Published 05/30/2019, 11:01 AM
Updated 05/30/2019, 11:33 AM
© Reuters.

Investing.com - U.S. crude oil inventories fell less than forecast last week, with an implied lack of refinery activity making some analysts question whether West Texas Intermediate oil will be able to hold above $55.

The Energy Information Administration said in its regular weekly report that crude oil inventories decreased by just 0.28 million barrels in the week to May 24.

That was compared to forecasts for a stockpile draw of 0.86 million barrels after a build of 4.74 million barrels in the previous week.

The EIA report also showed that gasoline inventories increased by 2.20 million barrels, compared to expectations for a drop of 0.53 million barrels, while, on the bullish side, distillate stockpiles fell by 1.62 million barrels, compared to forecasts for a build of 0.56 million.

The data was delayed by a day this week due to Monday’s Memorial Day holiday.

U.S. crude prices extended losses after the release, falling 1.8% at $57.73 a barrel by 11:31 AM ET (15:31 GMT), compared to $58.71 prior to the publication.

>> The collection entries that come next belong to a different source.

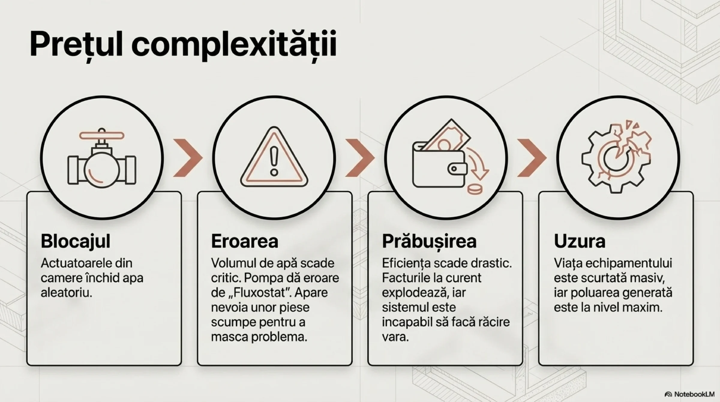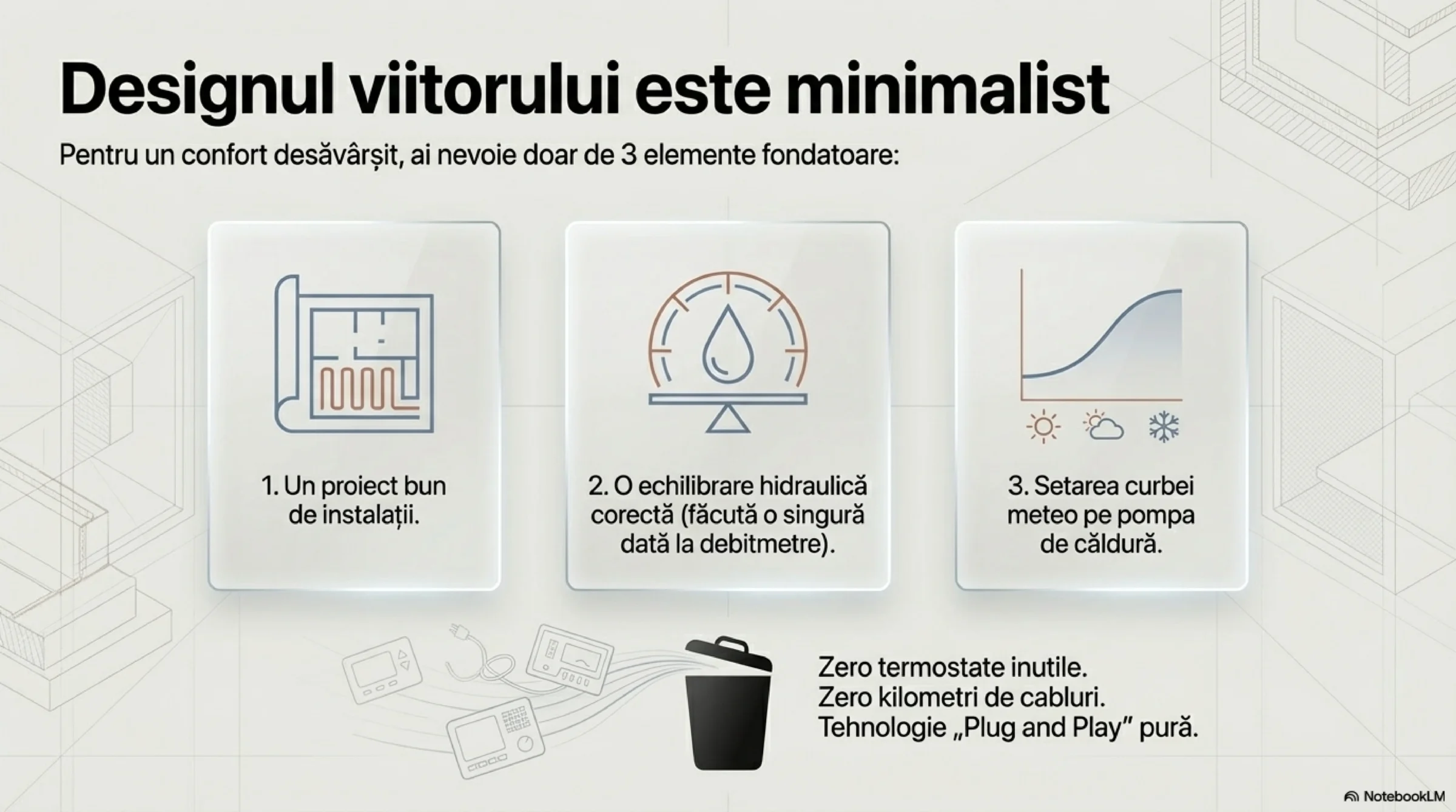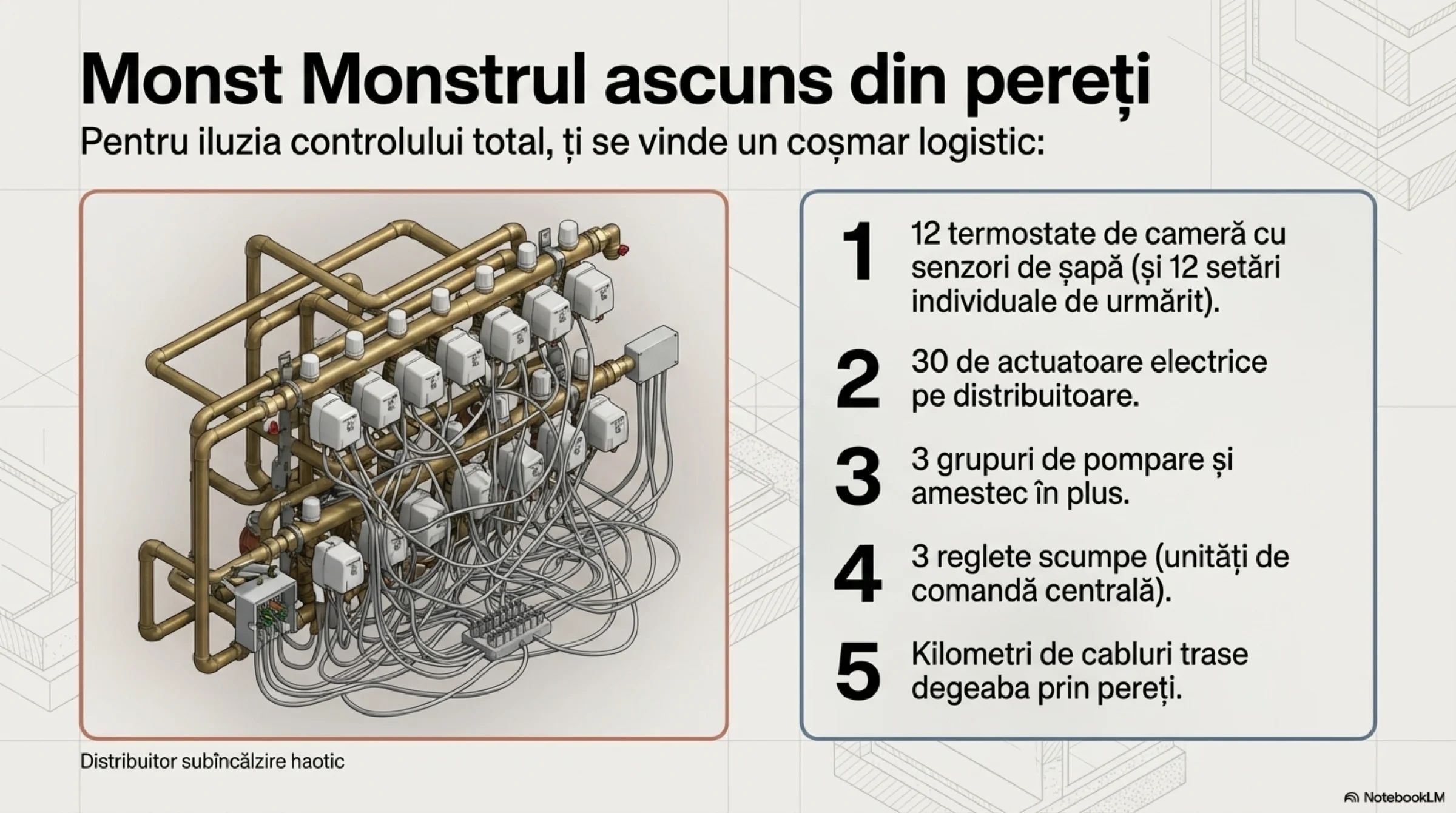 Este un fapt cert că ingineri, instalatori și beneficiari deopotrivă concep încălzirea în pardoseală ca fiind, din start, plină de termostate Wi-Fi, ecrane pe fiecare perete, reglete în cutia distribuitorului și zeci de actuatoare. Însă realitatea fizicii termiceTERMICE = instalații termice (încălzire și răcire) demonstrează că o astfel de automatizare ON/OFF, extrem de scumpă la achiziție, vine la pachet cu:
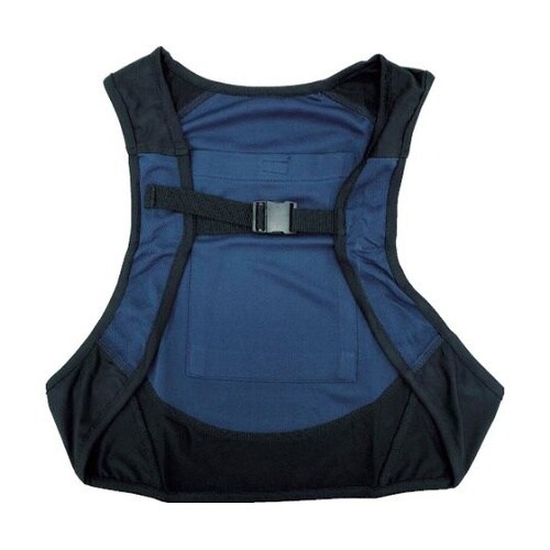 背面ポケットが一つついていますので、背面ポケットに保冷材(別売)を入れて使用します。作業着の中に着用することで、作業着内の空気を冷やすことができます。吸汗性・速乾性に優れており、伸縮性のある素材を使用 |
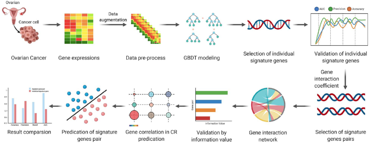 电子学系雷易鸣博士、北京大学第三医院妇产科郭红燕教授与澳大利亚新南威尔士大学、英国剑桥大学、美国杜克大学的研究人员合作,在基于机器学习辅助的人类卵巢癌耐药性预测方法研究领域取得重要进展。在该研究中,考虑到过往研究中存在基因维度过高导致基因相互作用网络非常复杂而难以理解,研究人员首先构建了一个基于梯度提升决策树的机器学习模型来选取标志基因。进而,研究人员提出了基因相互作用系数来定量衡量两个标志基因的相关性,并以此建立卵巢癌耐药性的基因相互作用网络。最后,研究人员提出了一种基于标志基因对的卵巢癌耐药性预测方法。
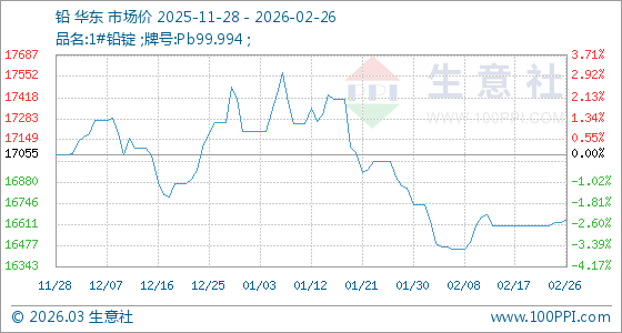 2月26日,生意社鉛基準價為16620.00元/噸,與本月初(16735.00元/噸)相比,下降了0.69%。

London-traded Brent crude futures lost 2.6% to $66.08 a barrel, compared to $67.27 ahead of the release.

Investing.com senior commodity analyst Barani Krishnan said the price move was unsurprising given the “extremely bearish data set” which raises the question of where the refiners are.

“While refinery runs did go up from the previous week to the season norm of above 90%, the smaller-than-expected draw is still indicative that refiners are hampered by the weak crack margins we have now for gas,” he said.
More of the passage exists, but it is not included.